Kaha Bath (or Yellow Rice) is a Sri Lankan-style festive rice dish. It is infused with the delicious flavors of coconut milk, aromatic spices, and local herbs. Any special occasion meal is not finished without it on the menu.
As the name implies, yellow rice is a yellow-colored rice dish. It is made by cooking white rice with turmeric, a natural food coloring. The turmeric, the key ingredient, gives the rice its vibrant yellow color. It also adds a wonderfully subtle earthy flavor.
In Sinhalese,
Kaha = Turmeric or Yellow
Bath = Cooked Rice
Kaha Bath = Turmeric Rice or Yellow Rice
Ingredients You’ll Need
Here are the ingredients you’ll need to make this recipe. For the quantities of each ingredient, check the printable recipe card at the bottom of the post.
Rice – Basmati, Jasmin or Samba
Fat – I like to use a mix of butter and coconut oil. Sub with ghee, rice, avocado, or olive oil
Onion or shallots – Finely chopped or sliced
Garlic and ginger – Finely minced or paste
Whole Spices – Cinnamon, Cardamoms, Cloves, Peppercorns
Turmeric powder – For coloring
Herbs – Lemon grass, Curry leaves, Pandan leaf, Fresh or frozen, skip if not available
Salt – To taste
Coconut milk – Fresh or canned, thin or thick coconut milk
Water – If you use thick coconut milk dilute it with water. Sub with meat or vegetable stock.
To Garnish – Raisins, cashew nuts, boiled green peas, boiled eggs, chopped paprika, and carrots, and small tomatoes
Can you make it vegan/vegetarian?
Yes. Replace butter with vegan butter, coconut, avocado, or olive oil for a vegan version. Use just water or vegetable stock.
What kind of rice to use?
In this recipe, I used Basmati rice. It is a type of long-grain rice. It is easier to find in Asian grocery stores in Japan. But, in Sri Lanka, some varieties of non-sticky short-grain rice are commonly used. These include Keeri Samba, Suduru Samba, and Muthu Samba.
If you can’t find both types of rice, you can experiment with other non-sticky white rice available. You need to adjust the amount of liquid depending on the rice you use and the cooking method. Read the directions on the rice package for the water-to-rice ratio.
Basmati Rice
Basmati rice is the most common and widely available rice.

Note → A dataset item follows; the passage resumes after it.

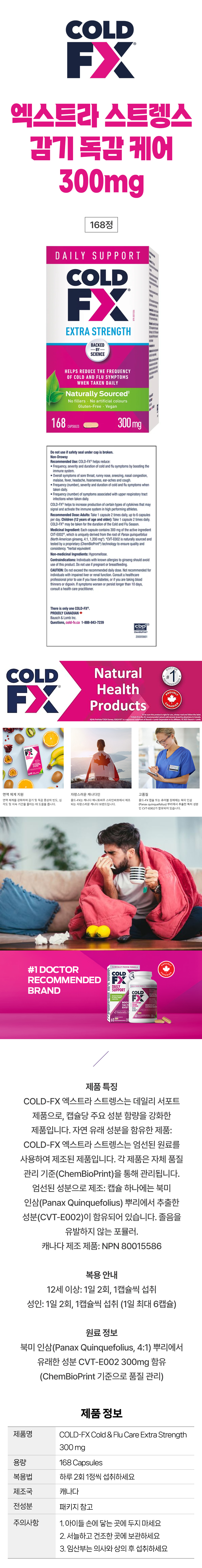 Cold FX ÄÝµå ¿¢½ºÆ®¶ó ½ºÆ®·À½º 300mg 168Á¤ ¸é¿ª·Â °¨±â ¿¹¹æ
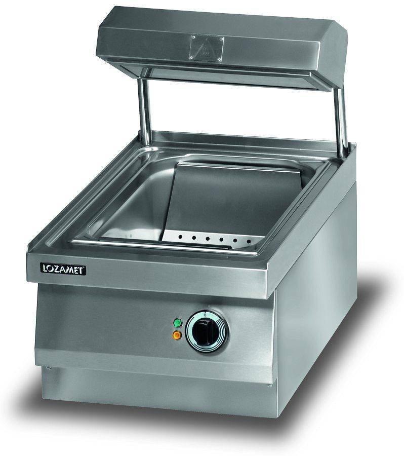 Standardowe wykonanie: • Wymiary: 400 x 650 x 270 / 300 mm • Wymiary z podstawą: 400 x 650 x 900 mm • Zbiornik GN 1/1, głębokość 200 mm • Siatka ociekowa • Promiennikowy panel grzejny • Zasilanie elektryczne: ~ 230 V, 50 Hz • Wymagane zabezpieczenie instalacji: 6 A • Moc: 1,1 kW • Regulacja temperatury podgrzewania

It is known for its delightful aroma. Its long, slender grains stay separate and fluffy when cooked and don’t clump together. It has a soft and delicate texture that melts in your mouth.
Suduru Samba (Seeraga Samba) Rice
Suduru Samba (Jeera Samba) is short-grain aromatic rice popular in Sri Lanka and Tamilnadu. Suduru samba has a less fluffy texture. It is not as widely available as basmati rice. But, it is worth the effort to find it.
Superfood Turmeric
Turmeric (Kaha in Sinhalese) is a spice that is extensively used in Indian, Middle Eastern, and Sri Lankan cuisines. It has also become popular in the Western world because of its nutritional benefits. It holds a compound called curcumin. Curcumin is known to have powerful antioxidant properties.
It is mostly used in savory dishes. It is also used in some sweet dishes as a natural food coloring for its rich, yellow color. But, don’t add too much turmeric to your food as it can make the food taste bitter and unappetizing.
Garnishes used in this recipe
Yellow rice is commonly garnished with raisins, cashews, boiled green peas, and fried onions to make the dish more colorful. You can also use fried curry leaves, boiled eggs, chopped paprika, carrots, small tomatoes, and many more as you like. I usually fry the raisins, cashew nuts, and boiled green peas separately in a small amount of oil. I do this for 30 seconds or so. This makes them more flavorful.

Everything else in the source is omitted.